__Task statement__.
From the line holding "Ground Floor Floor" through the line holding "EXAR Frontier Gal 1405 - reference granddam" below, write out every line exactly; include both of those lines and drop the pictures.

__Information provided__.
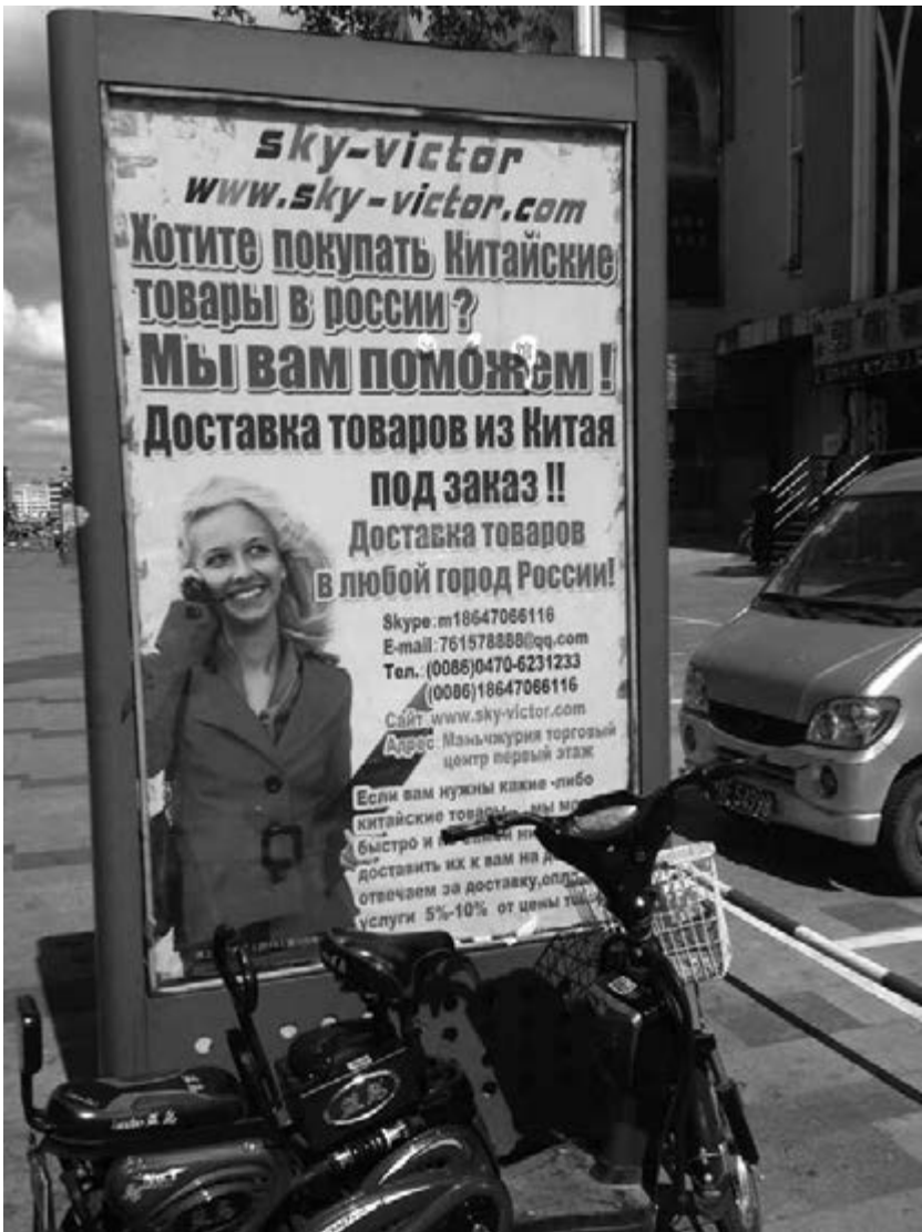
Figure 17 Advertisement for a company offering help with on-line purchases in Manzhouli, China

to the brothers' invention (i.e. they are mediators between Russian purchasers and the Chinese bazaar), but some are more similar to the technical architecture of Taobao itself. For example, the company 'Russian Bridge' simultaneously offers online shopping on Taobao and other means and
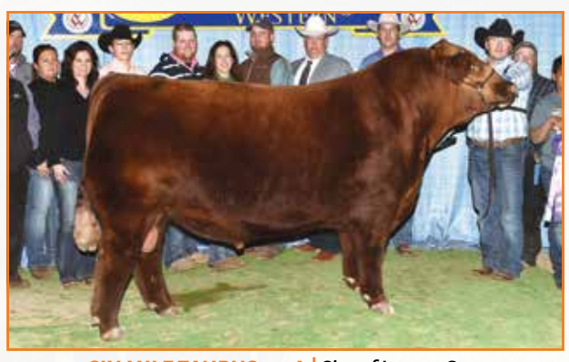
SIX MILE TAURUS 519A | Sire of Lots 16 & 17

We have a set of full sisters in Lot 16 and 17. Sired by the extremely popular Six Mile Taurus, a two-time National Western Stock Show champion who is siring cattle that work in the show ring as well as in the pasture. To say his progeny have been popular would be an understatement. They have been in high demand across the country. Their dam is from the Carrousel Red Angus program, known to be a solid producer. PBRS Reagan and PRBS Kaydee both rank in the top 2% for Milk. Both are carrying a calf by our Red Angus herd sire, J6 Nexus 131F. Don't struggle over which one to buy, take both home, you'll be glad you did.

==

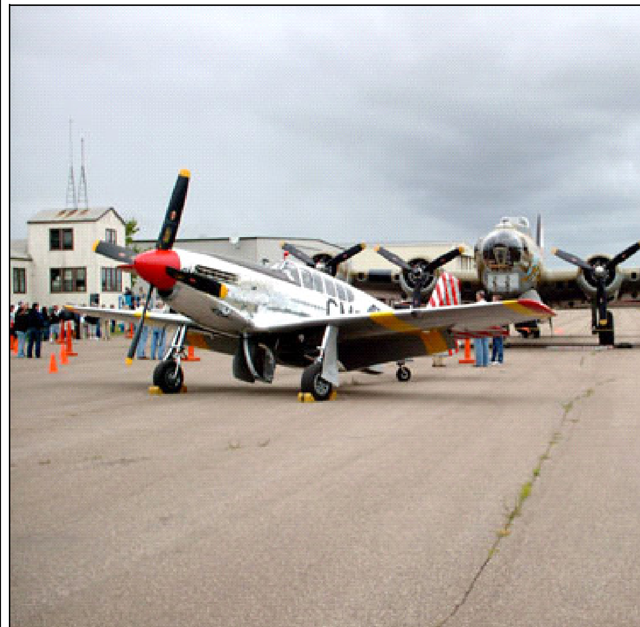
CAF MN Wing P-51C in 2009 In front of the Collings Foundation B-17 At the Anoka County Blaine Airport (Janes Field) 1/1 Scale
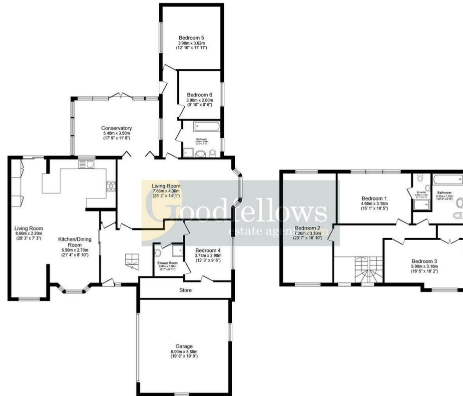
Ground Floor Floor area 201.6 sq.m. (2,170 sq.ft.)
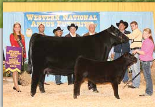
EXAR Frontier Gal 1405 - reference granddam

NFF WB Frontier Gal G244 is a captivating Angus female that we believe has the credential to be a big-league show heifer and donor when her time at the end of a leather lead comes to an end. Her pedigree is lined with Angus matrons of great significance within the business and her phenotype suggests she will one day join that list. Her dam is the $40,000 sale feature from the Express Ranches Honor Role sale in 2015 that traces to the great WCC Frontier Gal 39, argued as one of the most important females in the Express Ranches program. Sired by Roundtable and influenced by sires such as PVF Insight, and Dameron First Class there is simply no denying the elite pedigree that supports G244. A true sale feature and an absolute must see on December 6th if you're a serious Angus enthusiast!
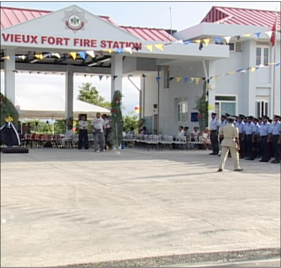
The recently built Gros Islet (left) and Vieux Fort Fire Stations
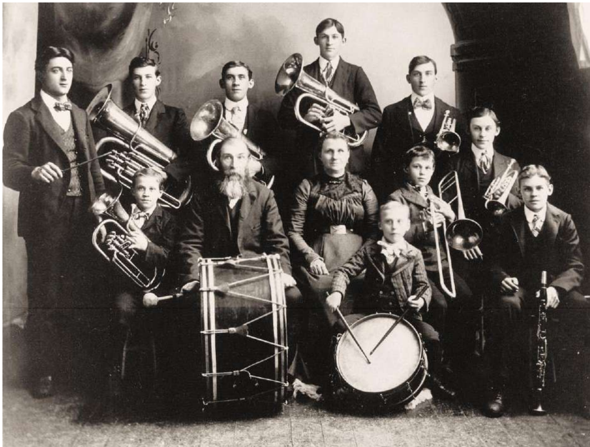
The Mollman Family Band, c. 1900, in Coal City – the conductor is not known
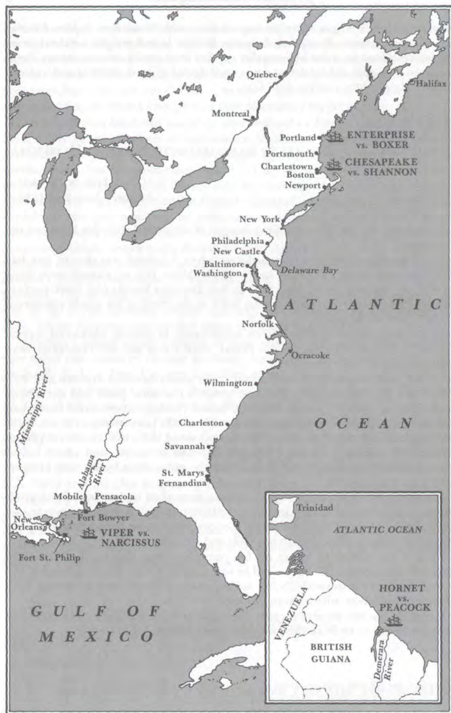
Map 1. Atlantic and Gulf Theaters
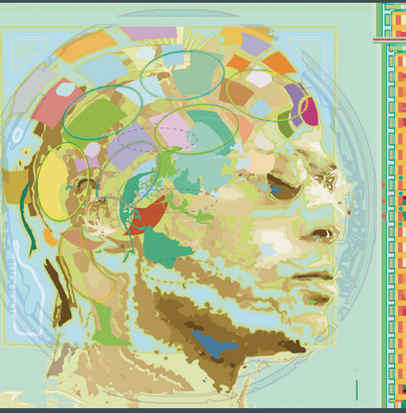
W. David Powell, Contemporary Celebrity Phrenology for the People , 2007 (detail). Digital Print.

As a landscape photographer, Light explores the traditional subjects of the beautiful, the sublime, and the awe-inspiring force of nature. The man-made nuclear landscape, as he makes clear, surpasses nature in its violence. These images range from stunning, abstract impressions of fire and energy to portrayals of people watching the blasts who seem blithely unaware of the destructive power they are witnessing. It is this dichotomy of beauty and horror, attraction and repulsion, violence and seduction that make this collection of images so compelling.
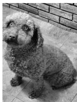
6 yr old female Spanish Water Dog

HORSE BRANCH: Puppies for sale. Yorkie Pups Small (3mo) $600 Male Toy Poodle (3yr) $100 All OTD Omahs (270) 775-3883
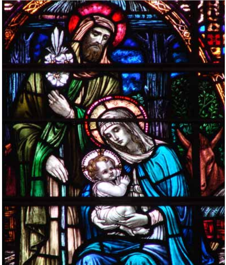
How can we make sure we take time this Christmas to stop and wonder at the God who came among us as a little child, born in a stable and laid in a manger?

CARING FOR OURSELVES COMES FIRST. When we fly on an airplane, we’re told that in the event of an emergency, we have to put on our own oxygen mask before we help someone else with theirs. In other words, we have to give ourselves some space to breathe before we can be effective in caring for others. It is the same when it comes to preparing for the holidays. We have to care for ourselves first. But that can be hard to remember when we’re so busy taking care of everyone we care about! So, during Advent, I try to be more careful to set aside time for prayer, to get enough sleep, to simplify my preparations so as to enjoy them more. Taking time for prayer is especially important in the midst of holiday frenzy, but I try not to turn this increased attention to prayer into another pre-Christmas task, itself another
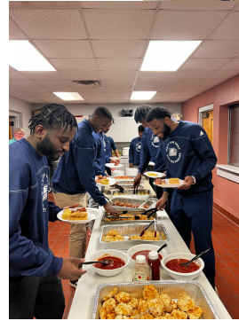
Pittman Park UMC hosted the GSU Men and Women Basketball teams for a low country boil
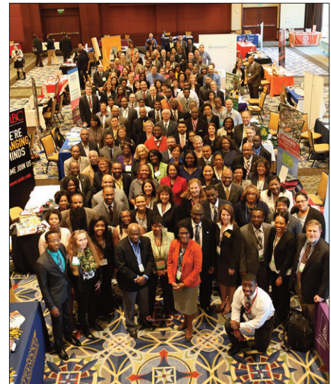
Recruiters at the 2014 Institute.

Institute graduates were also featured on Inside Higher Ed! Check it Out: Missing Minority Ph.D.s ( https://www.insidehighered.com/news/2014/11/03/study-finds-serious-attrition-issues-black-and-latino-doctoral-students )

...

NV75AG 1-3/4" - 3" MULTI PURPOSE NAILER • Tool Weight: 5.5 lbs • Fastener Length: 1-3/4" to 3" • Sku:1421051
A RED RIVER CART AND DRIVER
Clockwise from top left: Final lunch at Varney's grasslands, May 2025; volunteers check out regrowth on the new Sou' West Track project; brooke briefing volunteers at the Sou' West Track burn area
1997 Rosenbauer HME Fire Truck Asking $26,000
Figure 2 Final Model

__Result of this task__.
Ground Floor Floor area 201.6 sq.m. (2,170 sq.ft.)
EXAR Frontier Gal 1405 - reference granddam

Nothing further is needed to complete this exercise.